One thing I should mention is that the creek that the trail runs alongside of is usually wet...being in the middle of a drought though, it was completely dry. I was a bit surprised though at how much green still existed in Austin, and in the trail. There were some trees that were pretty dry (particularly the ones closest to the creek, but it wasn't as bad as in South Florida when we've had a drought. I guess their green is well equipped for the heat. While some wetness and reflectivity might have come in handy photographically, I found the trail to be pretty beautiful as it was.
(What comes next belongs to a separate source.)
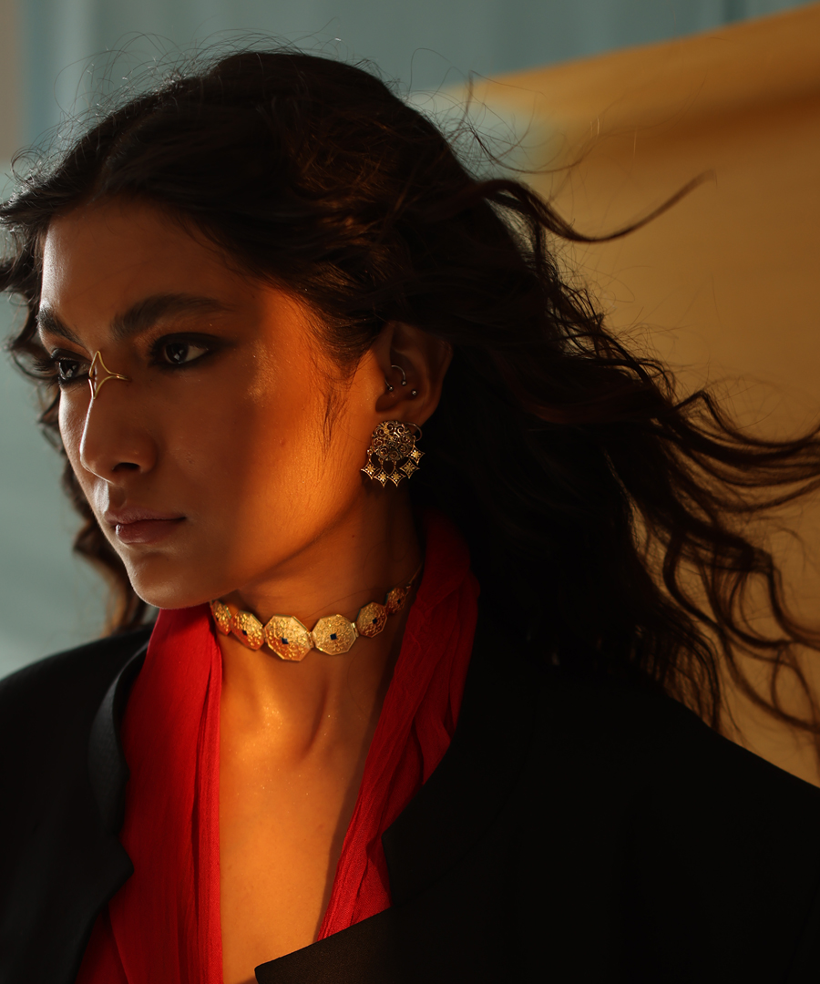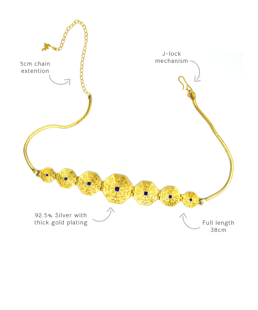 The Gaur kanthi choker is exudes charm and strength in equal measures. The graduating size of the central motif looks very gracefiul on the neck. This choker is handcrafted in 92.5% silver, with thick gold plating, the chain at back has a fish hook clasp and adjustable rings for a perfect fit., Plating: Gold Plated, Metal Type: 92.5% Sterling Silver, Enamel / plating / gemstone: Gold oxidised, Lock Mechanism: J-Lock , Measurement cm : Full length 40 cm, Measurement inches: Full length 15.50 inch, Care Instruction: Keep away from water, perfume and other liquids. Do not use any cleaning agents. Clean when storing in the provided pouches. Store them in moisture free areas and keep them away from water and liquid fragrances.

It was also very cool being able to walk ON the creek bed!
Hiking down from the parking lot to the trail,  I found myself facing the Seismic Wall. This is one of the many rockfaces on the trail that are designated for climbing use. There were a few people climbing it when I got there. From there I went left (south) on the trail. For the most part the trail is easy going. You can certainly climb up the hills at various points (which I did) but there's not much drastic elevation change within the marked trail itself. After a little walking I came up to the 360 bridge that passes overhead. It's pretty impressive, having such a tall man-made structure flying over you. Right before that though were some signs of wetter days: ropes hanging off a tree that are used for swinging into creek when it's there.
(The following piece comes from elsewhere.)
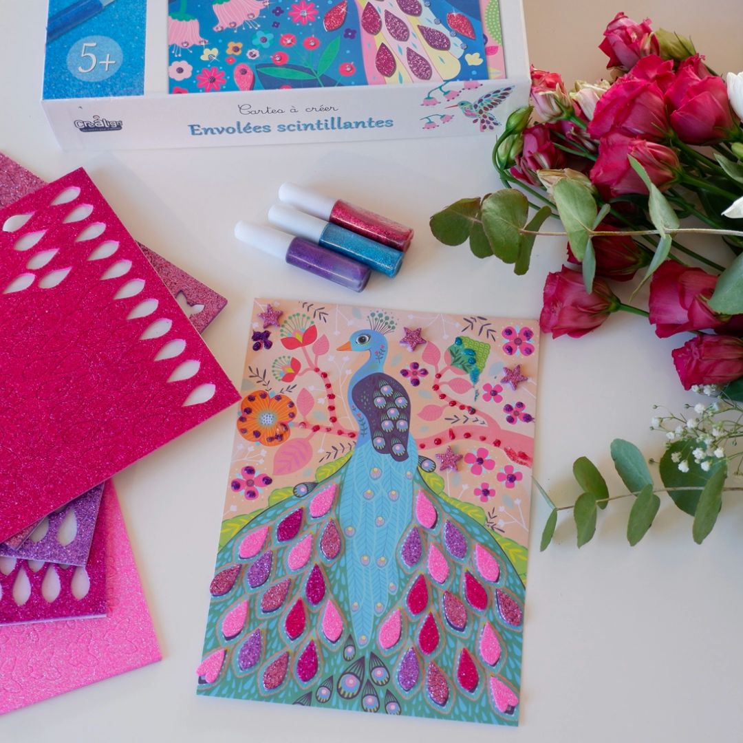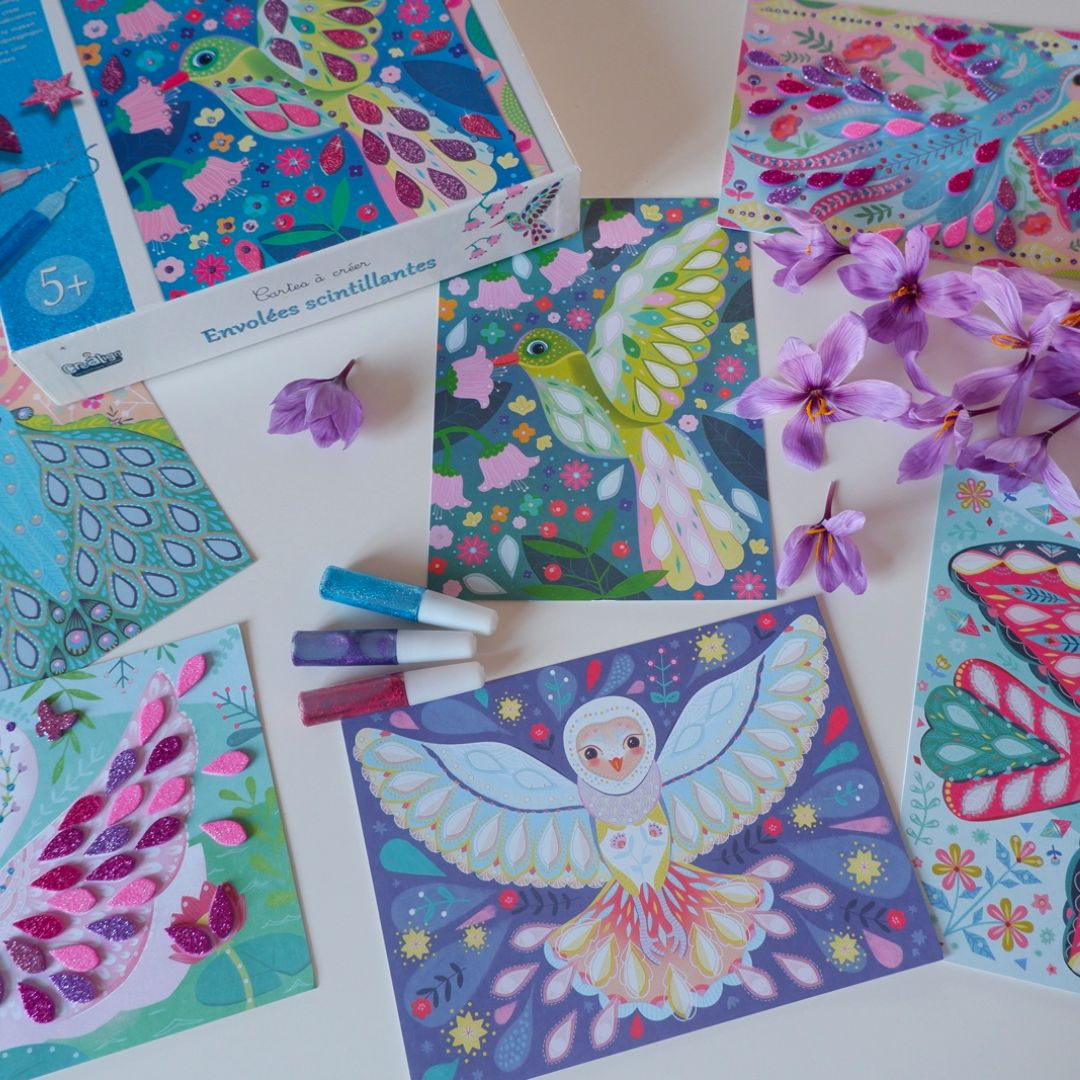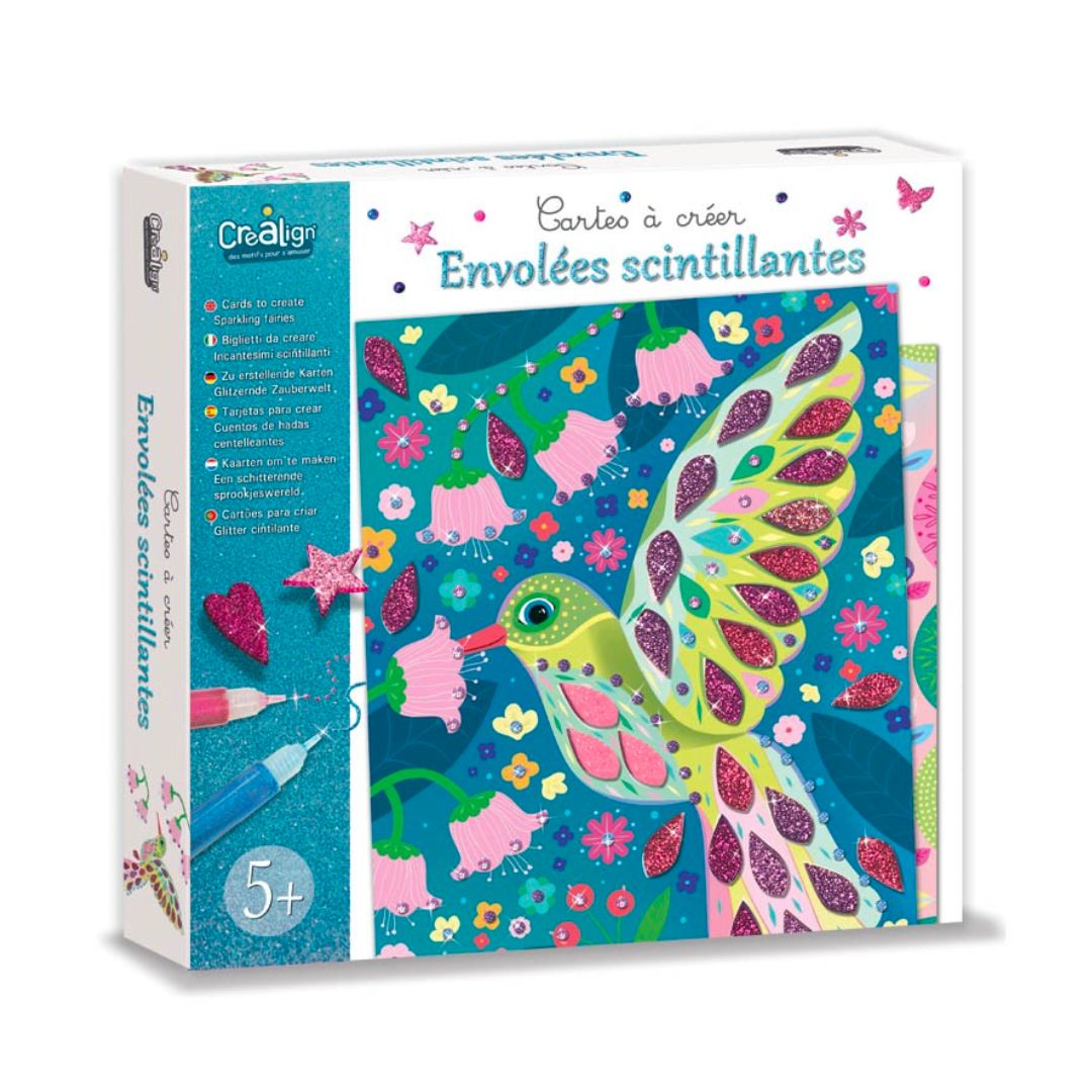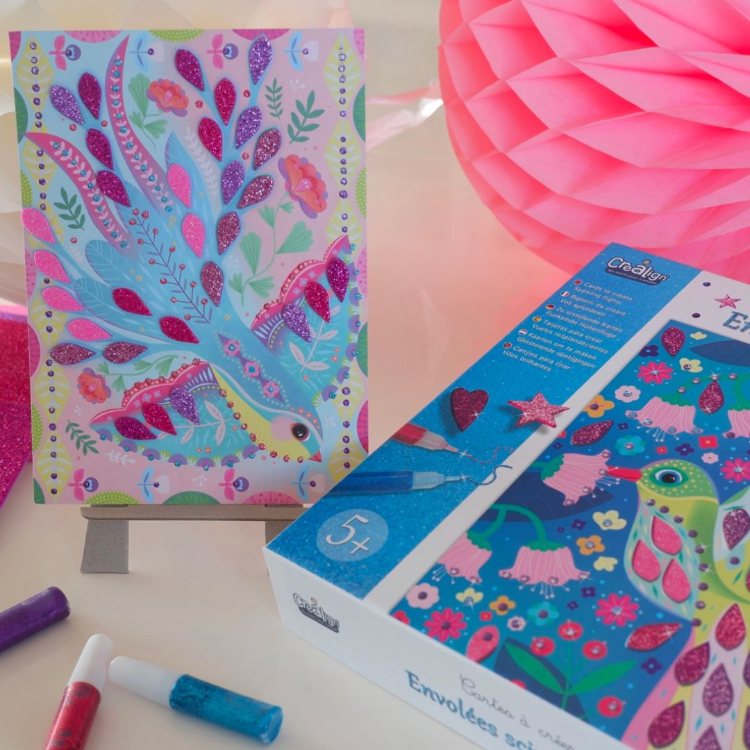 Kinder können die Karten dieses Kreativ-Sets mit Hilfe von leuchtenden Tintenstiften verschönern und funkeln lassen. Sie können sie dann anbieten oder auf der hübschen Staffelei präsentieren und dekorieren.

Hiking along I came to a part of the trail that was close to mountain bikers. It was flatter than the bike trail, but they were in the process of letting some of the nature grow back. After that I came across some chains on the wall...another reminder of wetter times (they are to help you cross some slippery rocks). The trail then crosses the creek and continues on the right hand side of it. I walked all the way down to Twin Falls which was, of course, dry. This seemed to be a popular gathering spot, as it was the busiest part of the trail.
I turned around at this point, and decided to hike up the hill on the right. This took me to the Gaines Creek entrance. I was pretty tired at this point (it was REALLY hot out!), and was not looking forward to having to hike half a mile back down the hill and then another half mile to get to the point where I was at, lower on the hill. So I decided to go down a really steep path on the north side of the hill. It was fun, and got me down to the creek in no time. I crossed the dry stones under the bridge, avoiding the slightly muddy ones, and hiked back to the start. I passed by the climbing wall and watched them a bit. It was a pretty intense wall, and not one I would want to do until I was much better at rock climbing!
Few notes:
-There was grafitti a plenty on the made made structures (bridge columns, etc). Most of it was artistic in nature though, and even the "tags" had some visual worth.
-This seems to be a pretty popular mountain bike trail. The section I did had no real offroad paths, but there is enough elevation change to warrant riding here.
-I took a detour halfway to Twin Falls, and found and interesting circular depression in the rock, which was obviously used as a "chill spot" for people at night (remnants of fire, some mild littering). I proceeded to climb further and found myself on the top of the rockface that the creek path goes along, with a sheer drop down to the path in some places. Pretty cool!